• Task to complete
Omit the images, then print each record below exactly as it reads.

--- Listed entries Enclosed Below ---

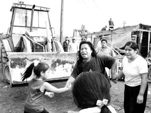 Ocupantes de una de las 22 casas que ayer fueron desmanteladas en el predio conocido como Tempiluli, colonia Ampliación la Conchita, intentan evitar el paso de una pala mecánica. Las autoridades capitalinas señalaron que desde enero recibieron la denuncia de que en la zona ecológica, donde sólo se permiten actividades agropecuarias, se construían viviendas FOTO FRANCISCO OLVERA
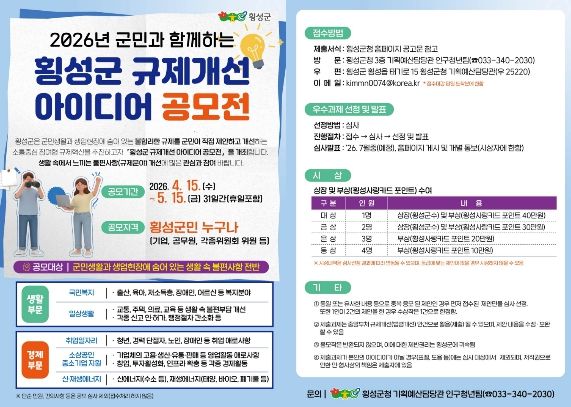 (포탈뉴스통신) 횡성군이 군민의 일상생활과 생업현장에서 겪고 있는 각종 불합리한 규제를 개선하기 위해 ‘2026년 횡성군 규제개선 아이디어 공모전’을 개최한다.
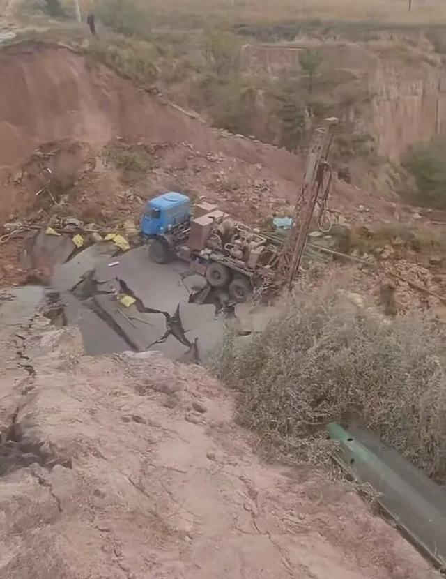 网友拍摄的视频显示:滑坡垮塌区域目测长度超过数十米,宽度几乎覆盖了整个路面,最深处估计有七八米。路面断裂处沥青和水泥层支离破碎,裸露出黄土基层。塌陷坑的边缘极不规则,仍有松动的土块不时滑落。坑底堆积着坍塌下去的路面材料和一些被扯断的护栏碎片。
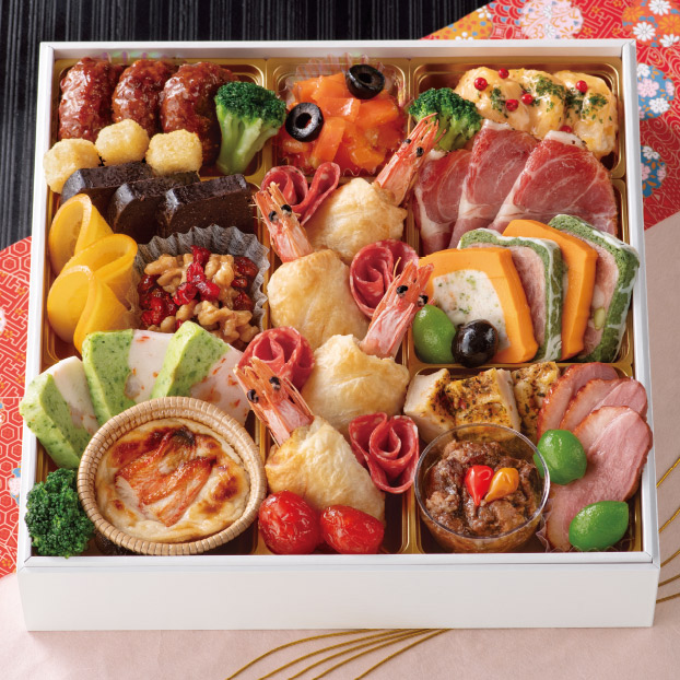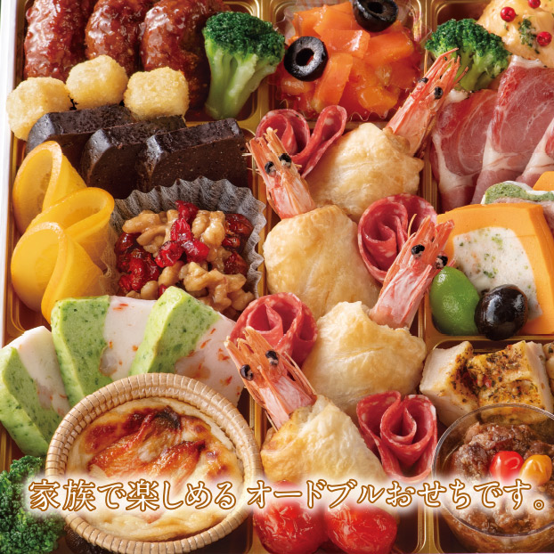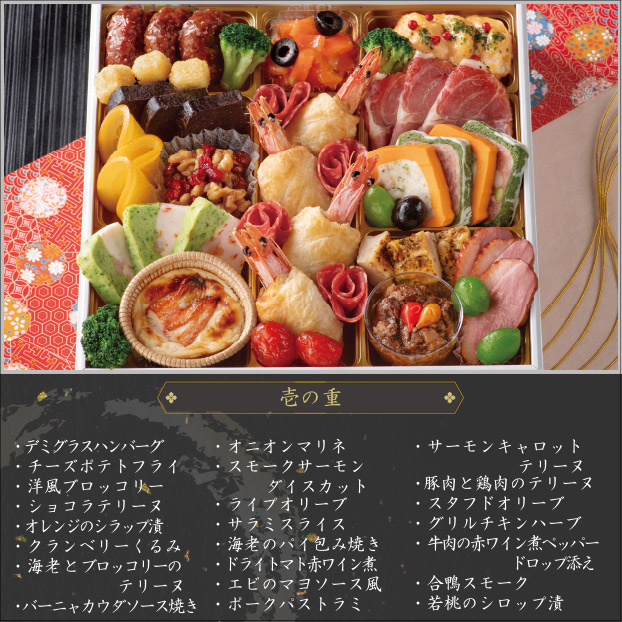 デミグラスハンバーグ、チーズポテトフライ、洋風ブロッコリー、ショコラテリーヌ、オレンジのシラップ漬、クランベリーくるみ、海老とブロッコリーのテリーヌ、バーニャカウダーソース焼、オニオンマリネ、スモークサーモンダイスカット、ライプオリーブ、サラミスライス、海老のパイ包み焼き、ドライトマト赤ワイン煮、エビのマヨソース風、ポークパストラミ、サーモンキャロットテリーヌ、豚肉と鶏肉のテリーヌ、スタフドオリーブ、グリルチキンハーブ、牛肉の赤ワイン煮ペッパードロップ添え、合鴨スモーク、若桃のシロップ漬
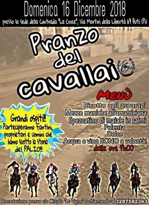 Il 16/12 si svolgerà Il pranzo dei Cavallai, presso la sede della Contrada La Croce in Via martiri della Libertà 69 a Buti ( PI )
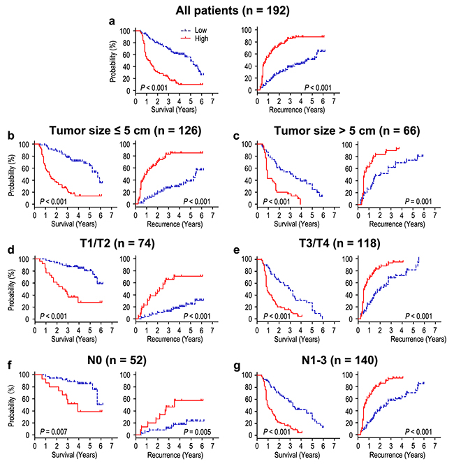 Figure 2: Overall survival and Recurrence-free survival are shown for gastric cancer patients. All patients were stratified according to tumor size, depth of invasion and lymph node metastasis. Kaplan-Meier survival estimates and log-rank tests were used to analyze the prognosis of FOXO6 expression in all patients a. and each subgroup b-g.
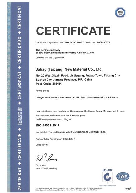 Padrão:ISO 45001: 2015 Número:TUV100 03 5408 Data de emissão:2025-10-21 Data de expiração:2028-10-20
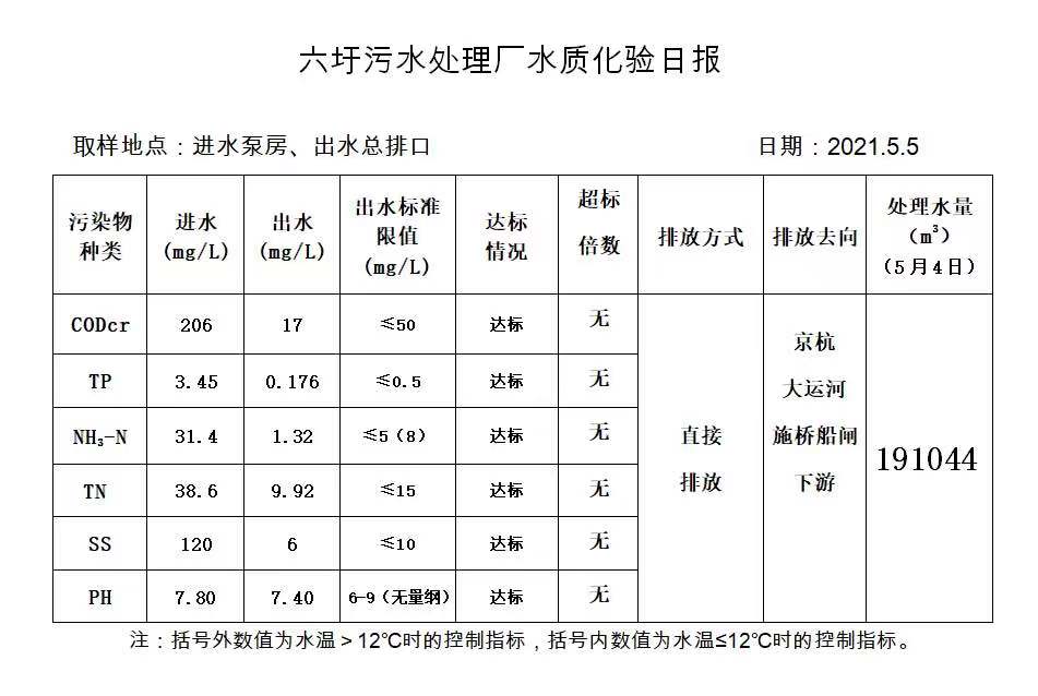 六圩污水处理厂水质化验日报(2021.5.5)

--- End of Enclosed Listed entries ---

• Solution to the exercise
 Ocupantes de una de las 22 casas que ayer fueron desmanteladas en el predio conocido como Tempiluli, colonia Ampliación la Conchita, intentan evitar el paso de una pala mecánica. Las autoridades capitalinas señalaron que desde enero recibieron la denuncia de que en la zona ecológica, donde sólo se permiten actividades agropecuarias, se construían viviendas FOTO FRANCISCO OLVERA
 (포탈뉴스통신) 횡성군이 군민의 일상생활과 생업현장에서 겪고 있는 각종 불합리한 규제를 개선하기 위해 ‘2026년 횡성군 규제개선 아이디어 공모전’을 개최한다.
 网友拍摄的视频显示:滑坡垮塌区域目测长度超过数十米,宽度几乎覆盖了整个路面,最深处估计有七八米。路面断裂处沥青和水泥层支离破碎,裸露出黄土基层。塌陷坑的边缘极不规则,仍有松动的土块不时滑落。坑底堆积着坍塌下去的路面材料和一些被扯断的护栏碎片。
 デミグラスハンバーグ、チーズポテトフライ、洋風ブロッコリー、ショコラテリーヌ、オレンジのシラップ漬、クランベリーくるみ、海老とブロッコリーのテリーヌ、バーニャカウダーソース焼、オニオンマリネ、スモークサーモンダイスカット、ライプオリーブ、サラミスライス、海老のパイ包み焼き、ドライトマト赤ワイン煮、エビのマヨソース風、ポークパストラミ、サーモンキャロットテリーヌ、豚肉と鶏肉のテリーヌ、スタフドオリーブ、グリルチキンハーブ、牛肉の赤ワイン煮ペッパードロップ添え、合鴨スモーク、若桃のシロップ漬
 Il 16/12 si svolgerà Il pranzo dei Cavallai, presso la sede della Contrada La Croce in Via martiri della Libertà 69 a Buti ( PI )
 Figure 2: Overall survival and Recurrence-free survival are shown for gastric cancer patients. All patients were stratified according to tumor size, depth of invasion and lymph node metastasis. Kaplan-Meier survival estimates and log-rank tests were used to analyze the prognosis of FOXO6 expression in all patients a. and each subgroup b-g.
 Padrão:ISO 45001: 2015 Número:TUV100 03 5408 Data de emissão:2025-10-21 Data de expiração:2028-10-20
 六圩污水处理厂水质化验日报(2021.5.5)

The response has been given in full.